Johnson recorded the song during his last recording session in Dallas, Texas, on June 20, 1937. It was the first song he recorded that day, and the first single to be released from that session.

==Recognition and influence==
The critic Rudi Blesh, in his 1946 book Shining Trumpets: a History of Jazz, reviewed Johnson's recording, stating: "With all its strangeness, 'Hell Hound' is not only an authentic blues, but a remarkable variation in which the standard harmony is altered in a personal and creative way to permit the expression of uncanny and weird feelings.
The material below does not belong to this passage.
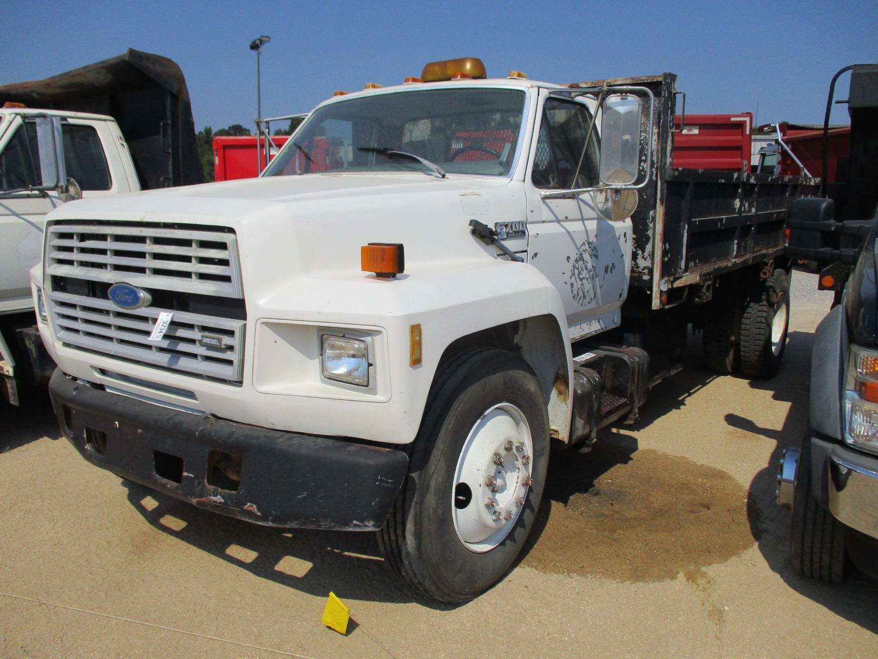 1993 FORD DUMP, VIN/SN:1FDNK74C3PVA17896 S/A, FORD DIESEL ENGINE, 5-2 SPEED TRANS, 24,500 GVW, 14' FLATBED DUMP W/2' SIDES, 11R22.5 TIRES, ODOMETER READING 152,659 MILES

Johnson's strident voice sounds possessed like that of a man cast in a spell and his articulation, like speech in possession, is difficult to understand...". In his 1992 book Searching for Robert Johnson, Peter Guralnick described the recording as "Johnson's crowning achievement and one that is almost universally recognised as the apogee of the blues...". According to Hill, "Hellhound on My Trail" is "noted as one of blues music’s most terrifying songs, as well as a cornerstone of early blues music."

In 1983, Robert Johnson's "Hell Hound on My Trail" was inducted into the Blues Foundation Hall of Fame as a "Classic of Blues Recording". Writing for the Foundation, Jim O'Neal described it as "among the deepest and darkest of Robert Johnson's legendary blues masterworks." The song is listed as one of NPR's "100 most important American musical works of the 20th century".